Top of Data excerpt

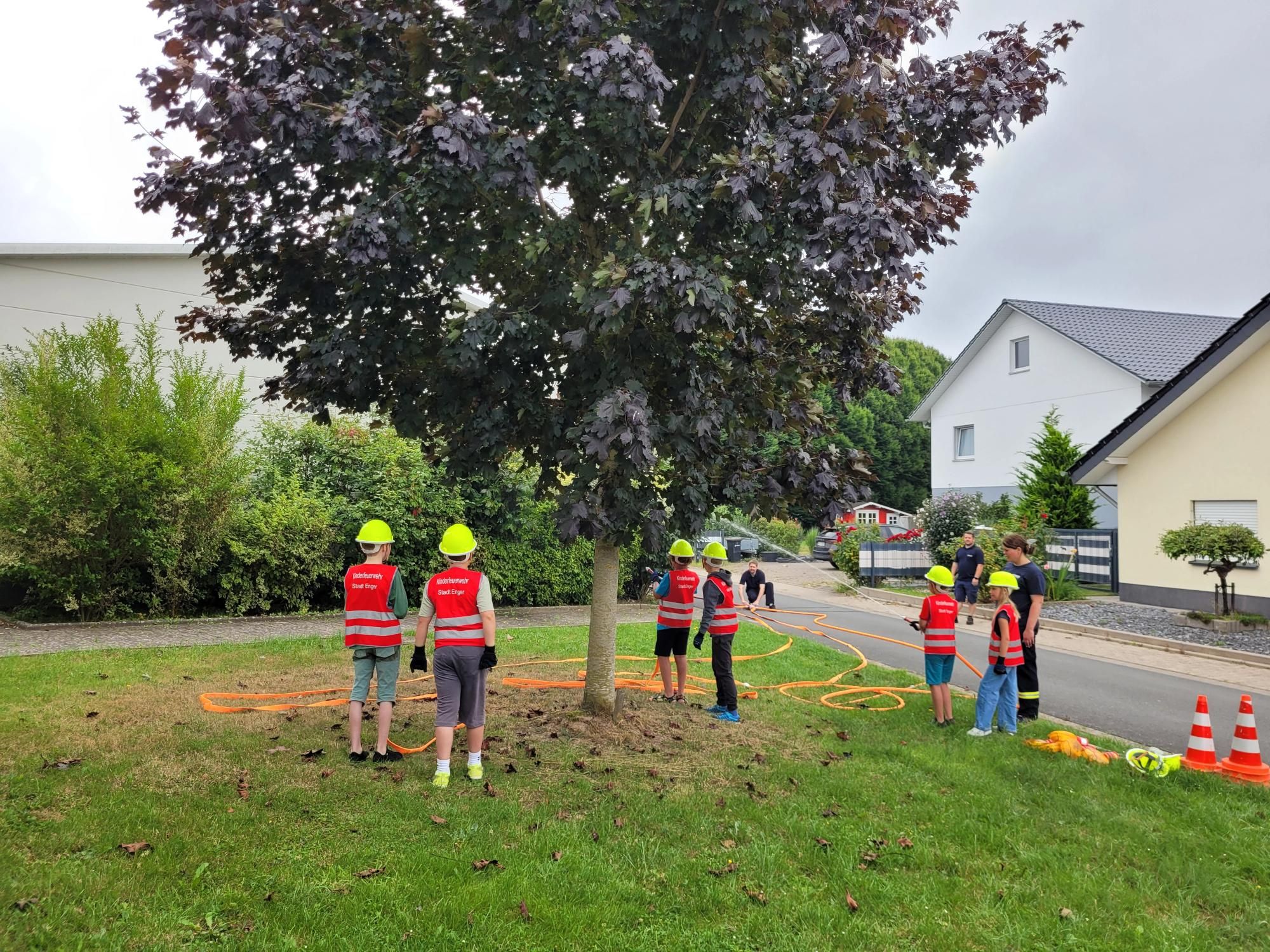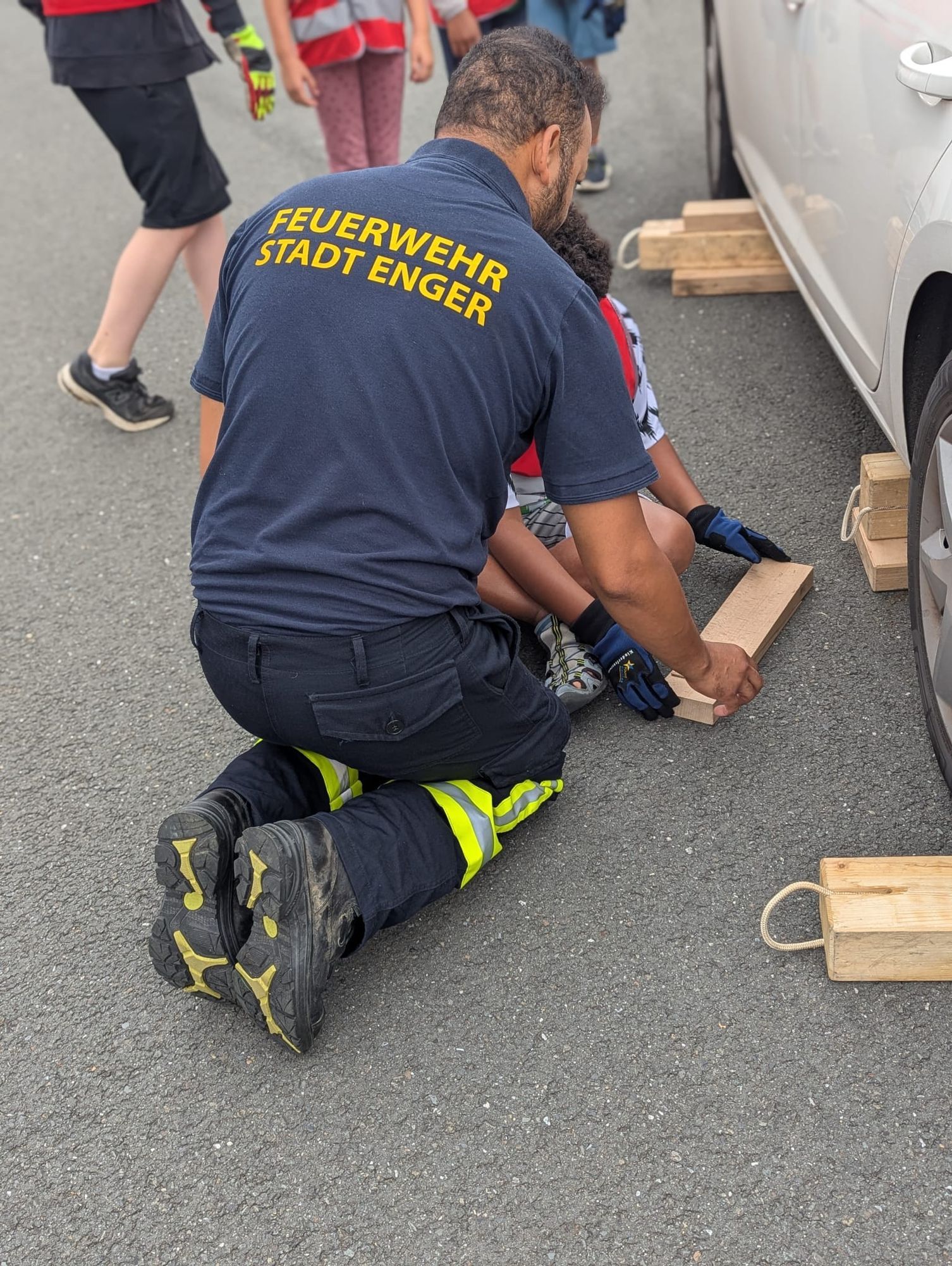 Am Gerätehaus Enger-Nord wurden verschiedene Einsatzszenarien vorbereitet, die die Kinder spielerisch abarbeiten durften. So wurden die Blaulichtblitze zu einer Türöffnung und einer Tragehilfe gerufen. In einem abgedunkelten Raum war zudem ein Teddy vermisst, den die Kinder suchen mussten und erfolgreich aus dem Gebäude retteten. Draußen am Gerätehaus wurde ein Löschangriff mit 3-D-Rohren aufgebaut und bei einem gemeldeten Verkehrsunfall wurde ein Auto mit Holz unterbaut.
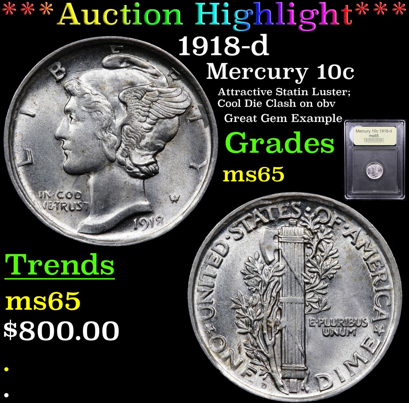 ***Auction Highlight*** 1918-d Mercury Dime 10c Graded GEM Unc By USCG. A Corey's Pick, Bid to Win Coin
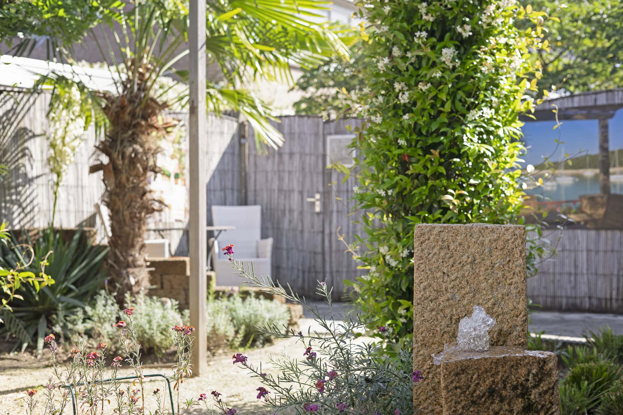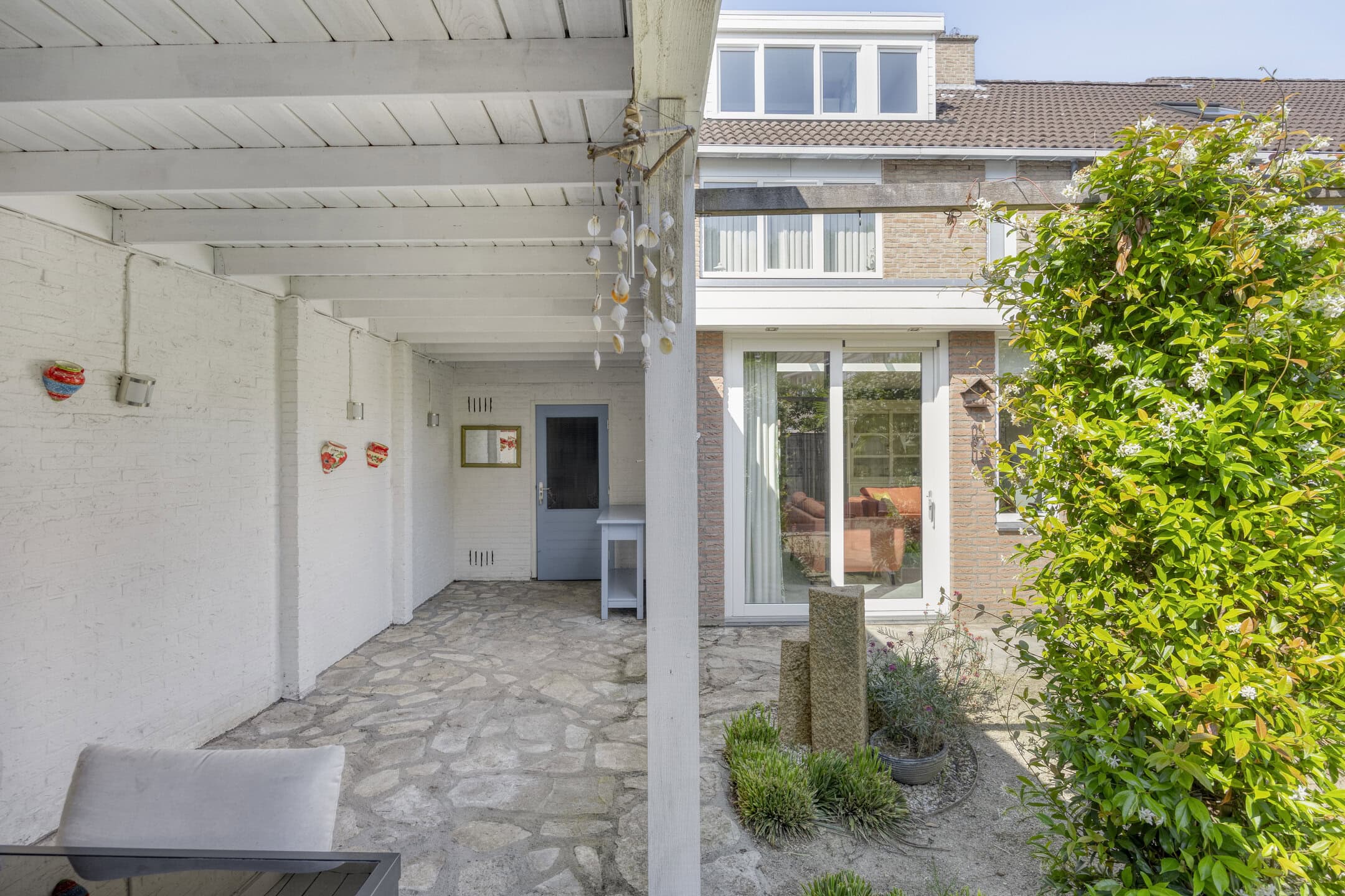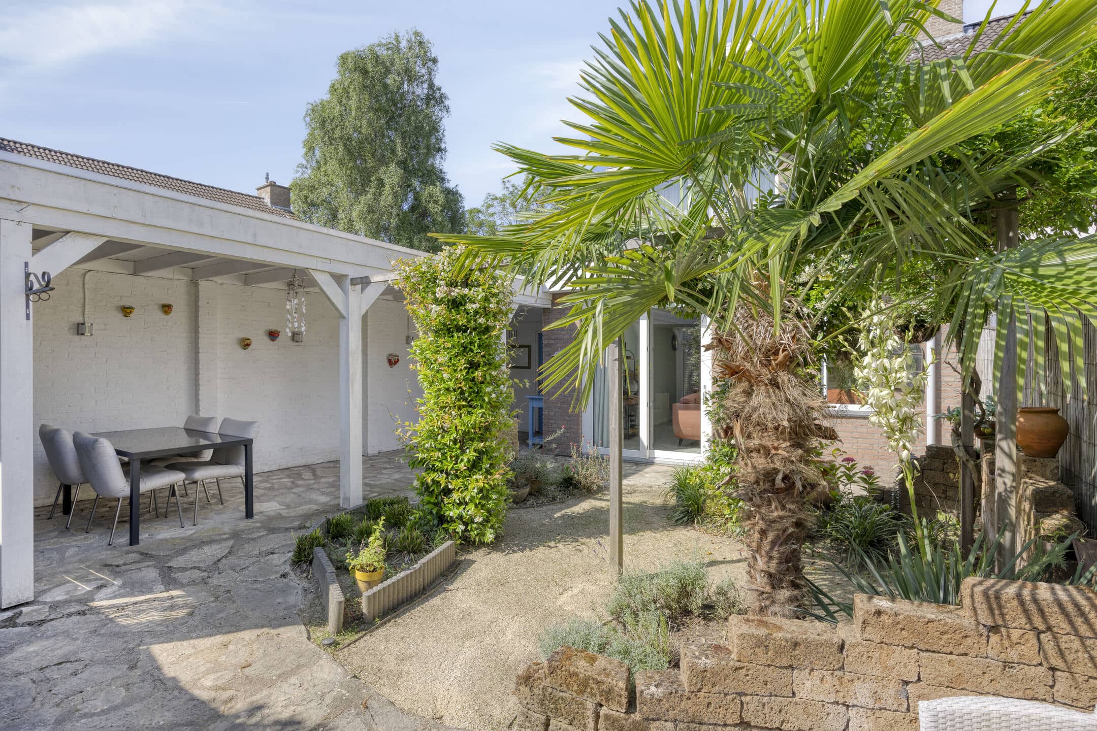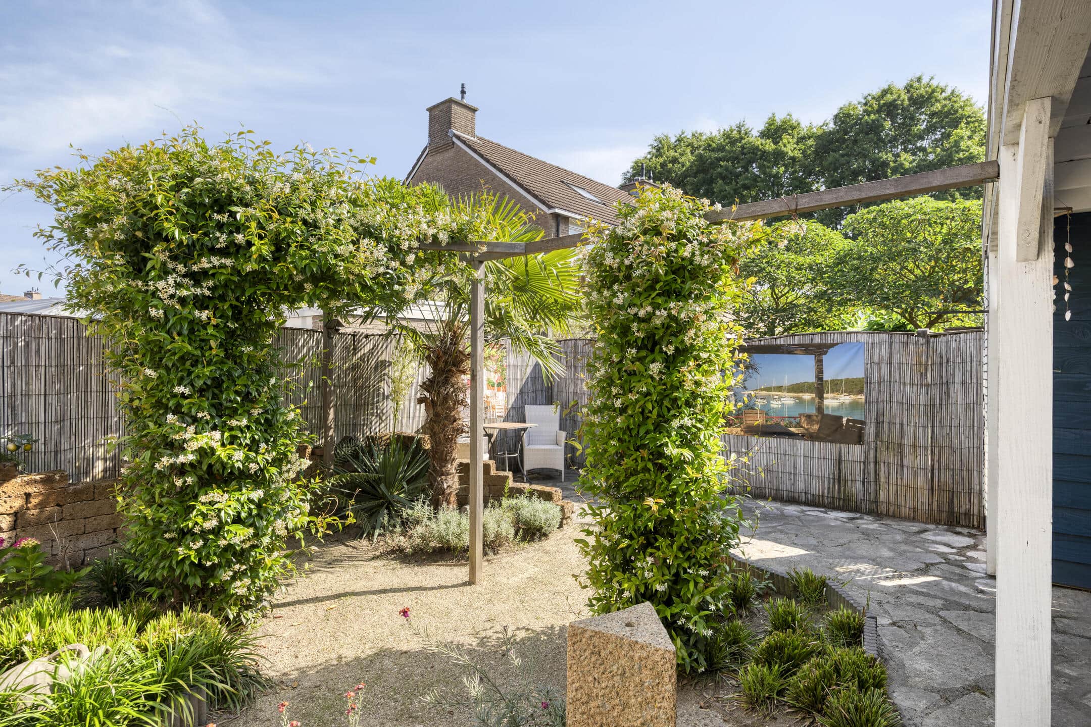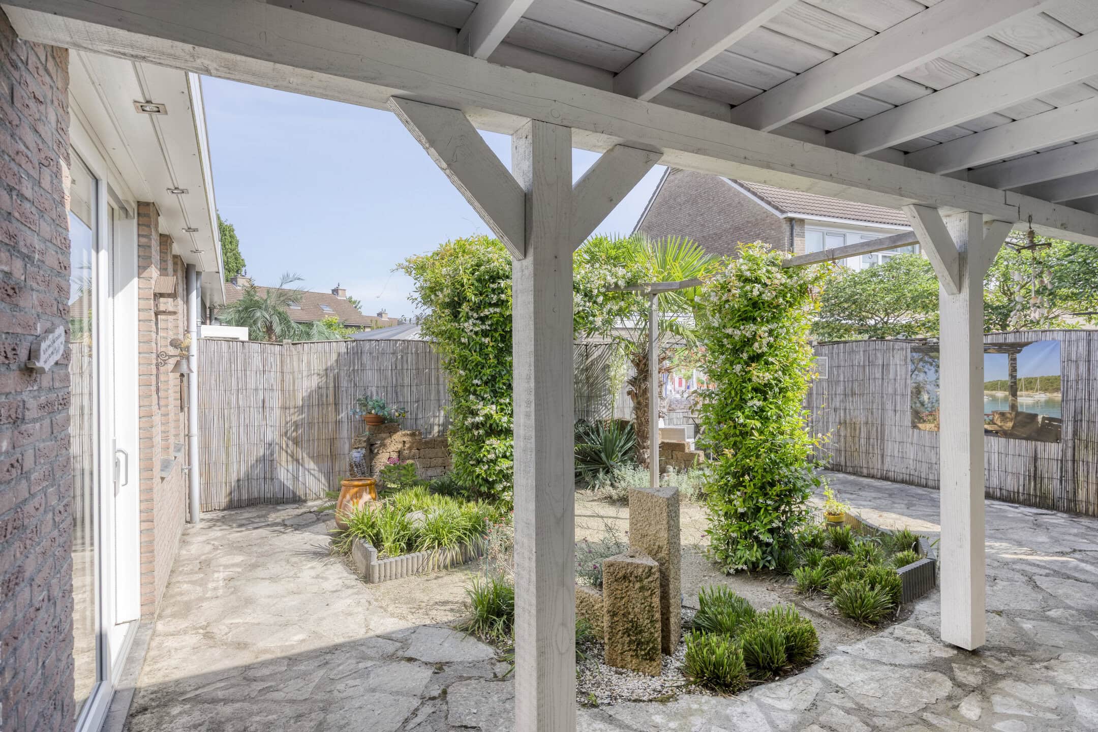 De achtertuin is met zorg aangelegd in een Mediterrane stijl en biedt veel privacy. Een waterpartij en het overdekte terras zorgen voor een fijne sfeer. Achter in de tuin is een praktische overdekte berging, ideaal voor kliko’s of tuingereedschap. Je bereikt de tuin ook via een vrije achterom. De aangebouwde garage beschikt over elektra en een stalen kanteldeur.
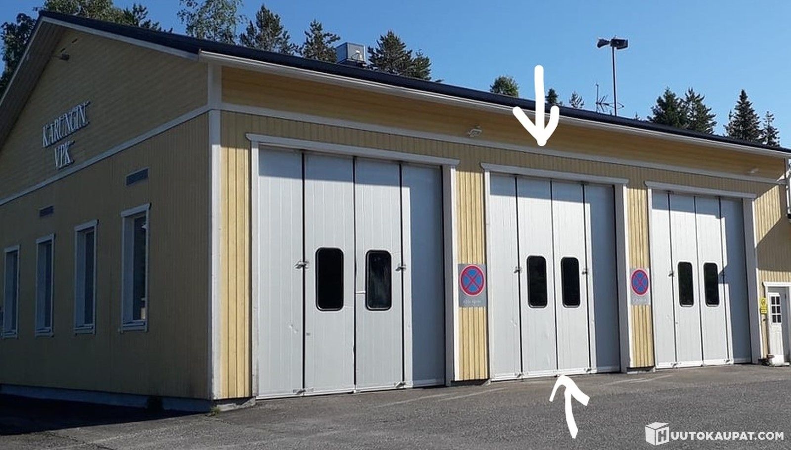 Hallin ovet leveys 4070 mm, korkeus 4500 mm, ovilehden paksuus n. 50 mm (ovipari nro 2, kuvassa merkitty nuolella), Tornio

Bottom of Data excerpt

#### To do:
Output the lines of the data exactly, starting at the first and ending with the line that has "to Win Coin". Pictures are not part of it.

#### Answer space:
 Am Gerätehaus Enger-Nord wurden verschiedene Einsatzszenarien vorbereitet, die die Kinder spielerisch abarbeiten durften. So wurden die Blaulichtblitze zu einer Türöffnung und einer Tragehilfe gerufen. In einem abgedunkelten Raum war zudem ein Teddy vermisst, den die Kinder suchen mussten und erfolgreich aus dem Gebäude retteten. Draußen am Gerätehaus wurde ein Löschangriff mit 3-D-Rohren aufgebaut und bei einem gemeldeten Verkehrsunfall wurde ein Auto mit Holz unterbaut.
 ***Auction Highlight*** 1918-d Mercury Dime 10c Graded GEM Unc By USCG. A Corey's Pick, Bid to Win Coin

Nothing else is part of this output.